**Task requirements:**
Exact transcription begins at the first line of the material below and ends with the line holding "Enamor Ultra-Smoothing Women's"; pictures are skipped.

---------- Data ----------

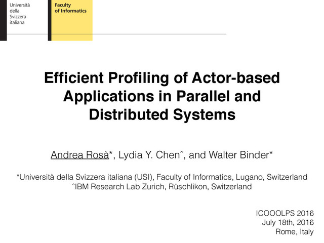 actors • Exception: Akka [2, 3, 4, 5, 6] - Little focus on utilization/communication - Typical focus: mailbox size, time in mailbox, errors, dispatchers, … • Not actor-centric profilers are little applicable to actors - Several profilers focus mainly on threads - Communication profilers focus mainly on the network stack Related work [2] Lightbend Monitoring. https://www.lightbend.com/products/monitoring.
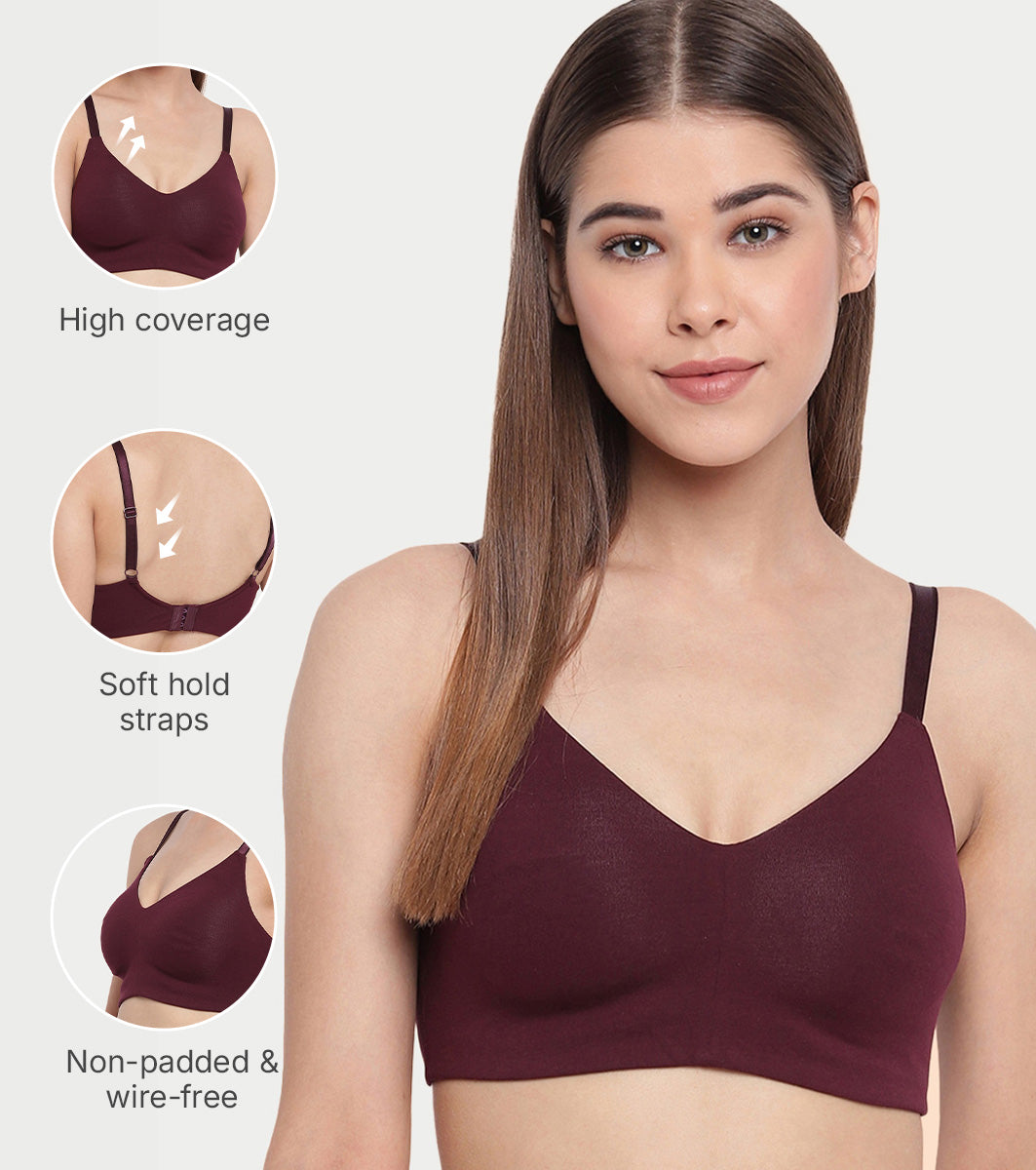 Enamor Ultra-Smoothing Women's Cotton Everyday T-Shirt Bra - No-Pinch, Hidden Lift, Non Padded, Wirefree, High Coverage - A027 (Grapewine)
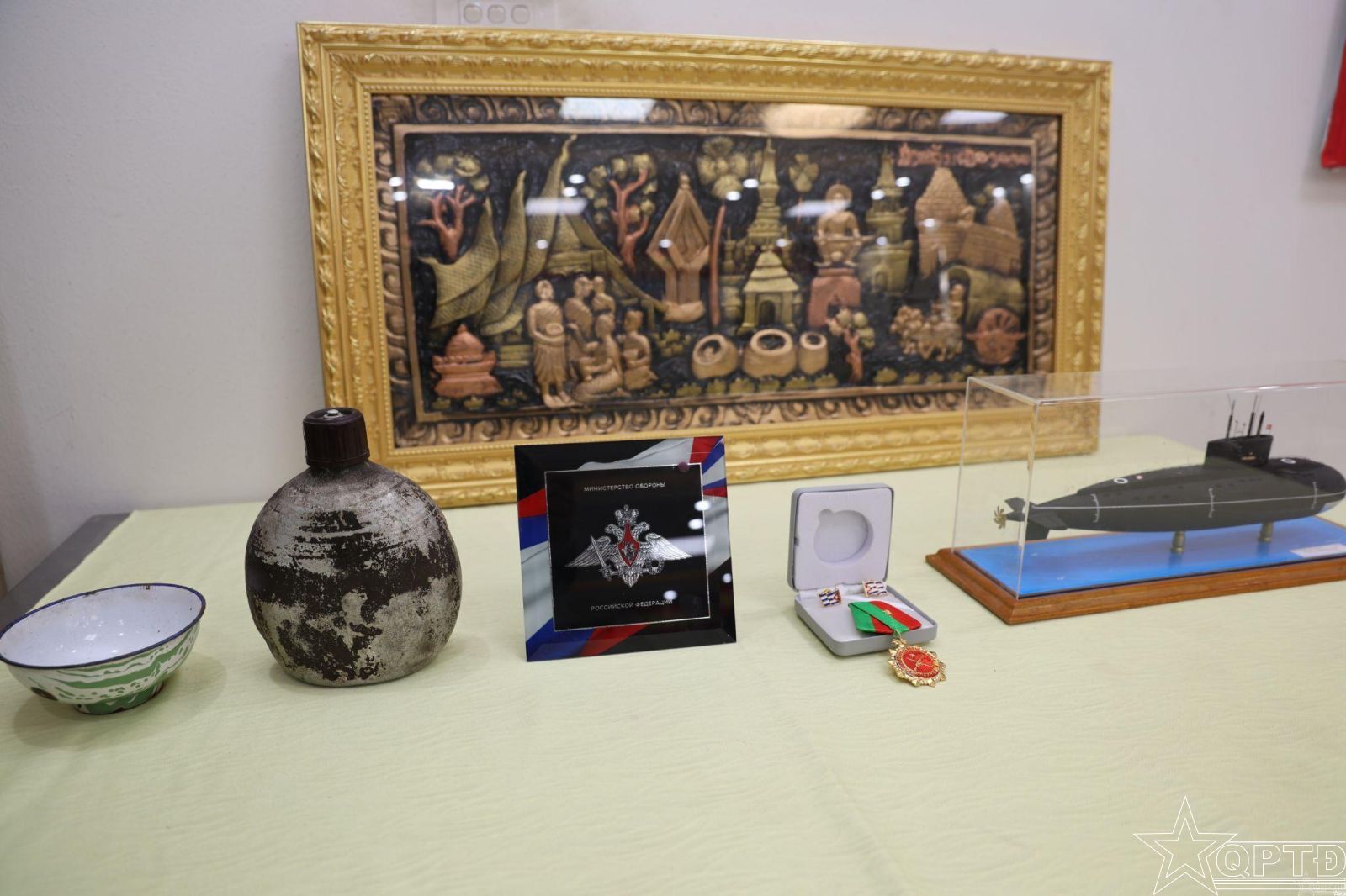 Bên cạnh đó, các hiện vật khác được xét duyệt chủ yếu là những tặng phẩm ngoại giao quân sự, biểu trưng cho tình hữu nghị, hợp tác quốc tế của Quân đội nhân dân Việt Nam, cụ thể: Mô hình tàu ngầm 182-Hà Nội do Đoàn cán bộ Lữ đoàn Tàu ngầm 189 trao tặng; Huân chương Bảo vệ Tổ quốc hạng Nhất được Nhà nước trao tặng Lực lượng vũ trang Thủ đô nhân kỷ niệm 75 năm Ngày truyền thống; Bức tranh đồng giới thiệu văn hóa và danh lam thắng cảnh Lào từ Đoàn cán bộ Cục Quân huấn, Cục Quân sự địa phương Bộ Tổng tham mưu Quân đội nhân dân Lào; Huy hiệu cài áo (khuy cài hình lá cờ Cuba) từ Quân khu La Habana, Bộ các Lực lượng vũ trang cách mạng Cuba; Biểu tượng Bộ Quốc phòng Liên bang Nga do Đoàn Bộ Tư lệnh Quân khu miền Tây (Nga) trao tặng.

----------

**Answer space:**
 actors • Exception: Akka [2, 3, 4, 5, 6] - Little focus on utilization/communication - Typical focus: mailbox size, time in mailbox, errors, dispatchers, … • Not actor-centric profilers are little applicable to actors - Several profilers focus mainly on threads - Communication profilers focus mainly on the network stack Related work [2] Lightbend Monitoring. https://www.lightbend.com/products/monitoring.
 Enamor Ultra-Smoothing Women's Cotton Everyday T-Shirt Bra - No-Pinch, Hidden Lift, Non Padded, Wirefree, High Coverage - A027 (Grapewine)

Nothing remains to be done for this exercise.